→ YOUR ASSIGNMENT
Please go line by line and repeat the data below exactly, with no images.

→ DATASET EXCERPT
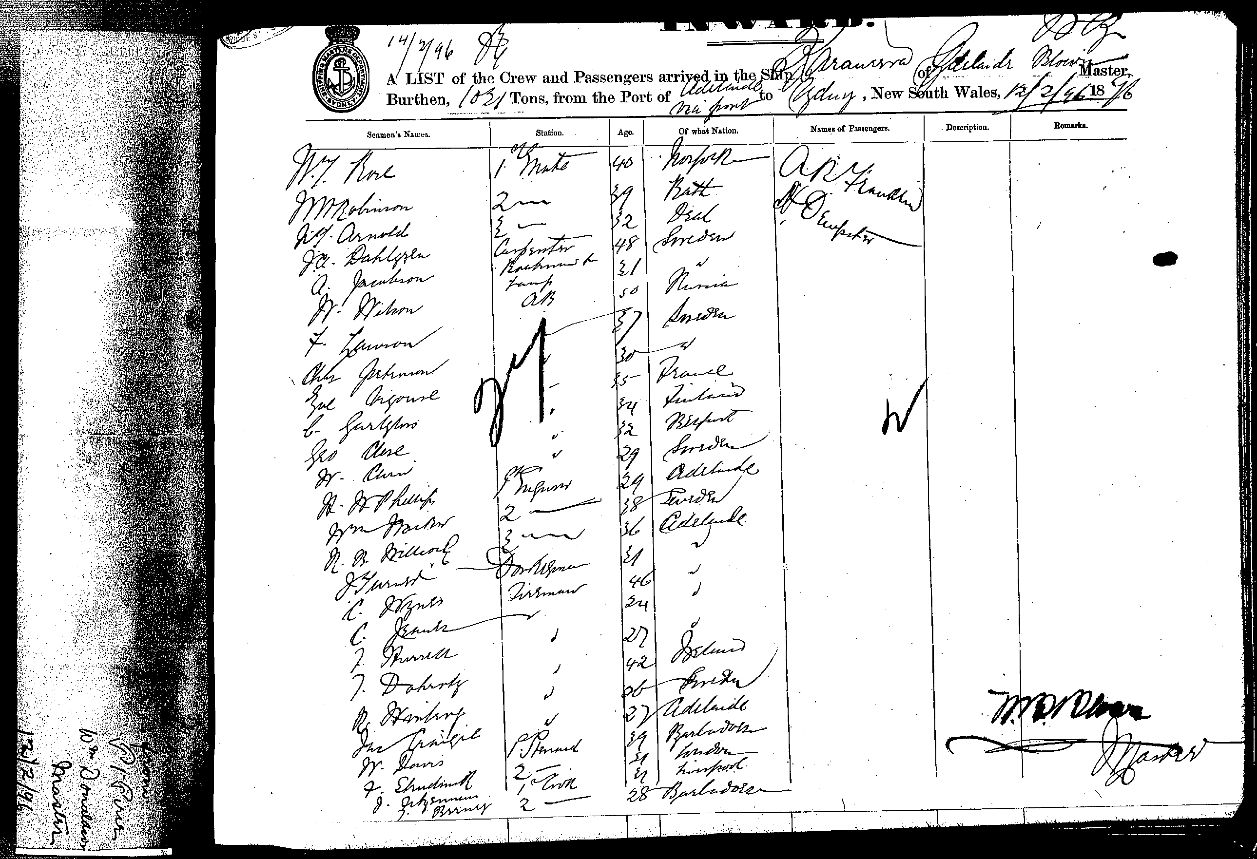 KARAWARRAOF ADELAIDE, W. D. BLOWN, MASTER, BURTHEN 1021 TONS FROM THE PORT OF ADELAIDE VIA PORTS TO SYDNEY, NEW SOUTH WALES, 12TH FEBRUARY 1896 |
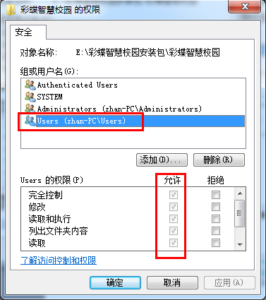 1、在 【彩蝶选课软件】 文件夹上点击右键、安全,设置为 User 用户完全控制(可读写)
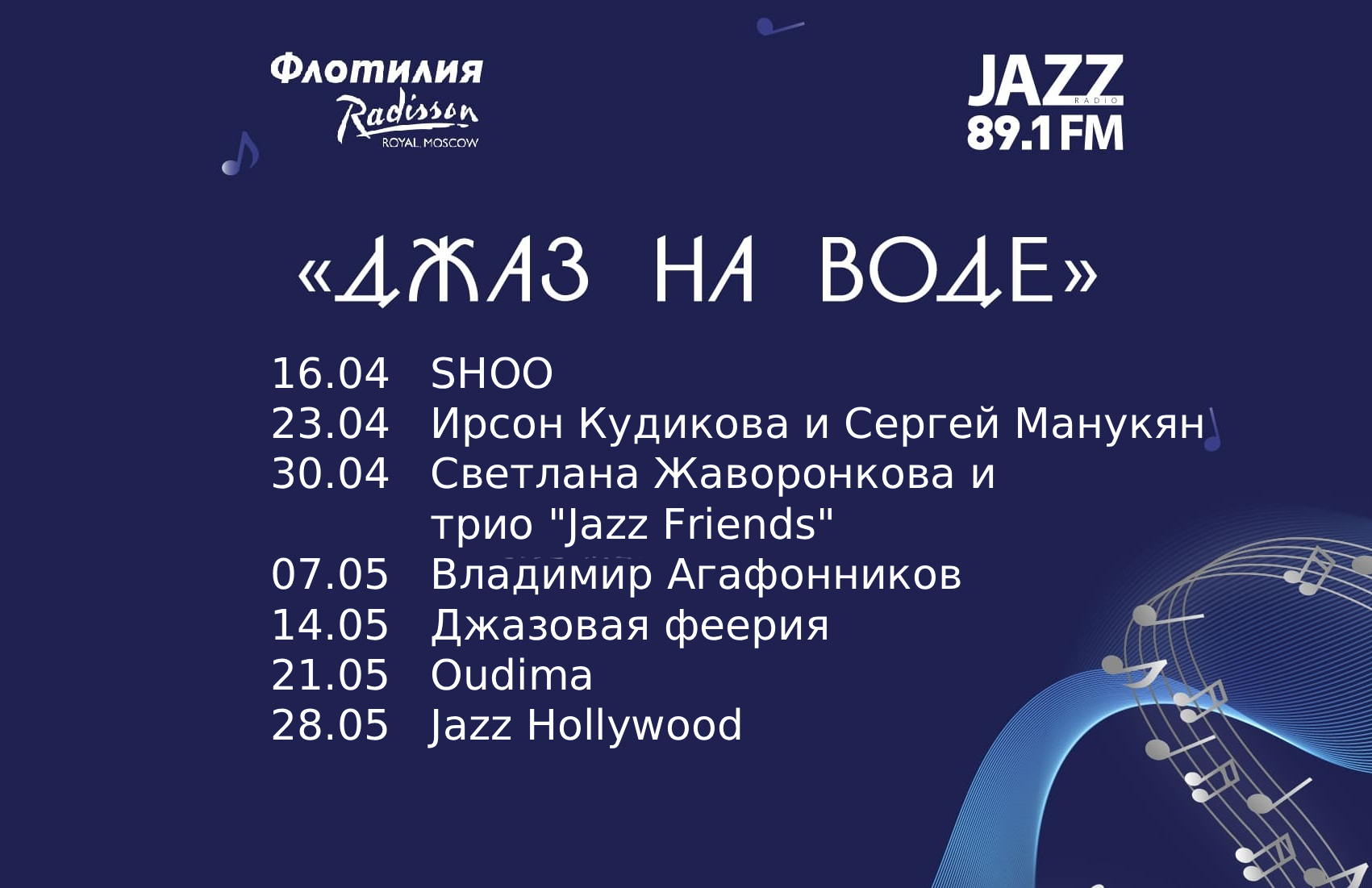 Flotilla Radisson Royal and JAZZ 89.1 FM Radio invite Muscovites and guests of the capital on a unique journey – "Jazz on the Water". Every Thursday we are waiting for you at the "Hotel Ukraina" pier to go together towards the warmest and most romantic memories.
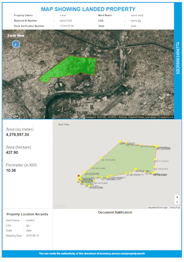 If you download Zenvus Boundary app on Google Play, follow the screen instruction (register, login, etc. Please note the NIN as you need it to access the survey later). Click BEGIN PROPERTY to enter scan mode, put the property info, and click CAPTURE as you walk around the property perimeter. When you are back to the original position, click EXIT PROPERTY. That completes the data acquisition. Once that is done, click the SERVER TRANSFER mode when you have internet on the mobile device. If you are an individual property owner, put 0000 on the field code (agents/partners/enterprises, capturing many farmers at once, use the code we sent you). When transfer is done, it will say “…successful”. (Our algorithm will construct the survey with the data, superimposing on Google Map to deliver a survey which puts your property in visual relationship with other properties around.) Copy this link to your web browser https://boundary.zenvus.com/ ; your log Id and password are both the NIN you used for this property in the mobile app. System will ask you to create password and email. Inside you will see your survey to view and print. For Agents, the process is different as you would have access to all properties under your control, read the manuals.

→ EXERCISE OUTPUT
 KARAWARRAOF ADELAIDE, W. D. BLOWN, MASTER, BURTHEN 1021 TONS FROM THE PORT OF ADELAIDE VIA PORTS TO SYDNEY, NEW SOUTH WALES, 12TH FEBRUARY 1896 |
 1、在 【彩蝶选课软件】 文件夹上点击右键、安全,设置为 User 用户完全控制(可读写)
 Flotilla Radisson Royal and JAZZ 89.1 FM Radio invite Muscovites and guests of the capital on a unique journey – "Jazz on the Water". Every Thursday we are waiting for you at the "Hotel Ukraina" pier to go together towards the warmest and most romantic memories.
 If you download Zenvus Boundary app on Google Play, follow the screen instruction (register, login, etc. Please note the NIN as you need it to access the survey later). Click BEGIN PROPERTY to enter scan mode, put the property info, and click CAPTURE as you walk around the property perimeter. When you are back to the original position, click EXIT PROPERTY. That completes the data acquisition. Once that is done, click the SERVER TRANSFER mode when you have internet on the mobile device. If you are an individual property owner, put 0000 on the field code (agents/partners/enterprises, capturing many farmers at once, use the code we sent you). When transfer is done, it will say “…successful”. (Our algorithm will construct the survey with the data, superimposing on Google Map to deliver a survey which puts your property in visual relationship with other properties around.) Copy this link to your web browser https://boundary.zenvus.com/ ; your log Id and password are both the NIN you used for this property in the mobile app. System will ask you to create password and email. Inside you will see your survey to view and print. For Agents, the process is different as you would have access to all properties under your control, read the manuals.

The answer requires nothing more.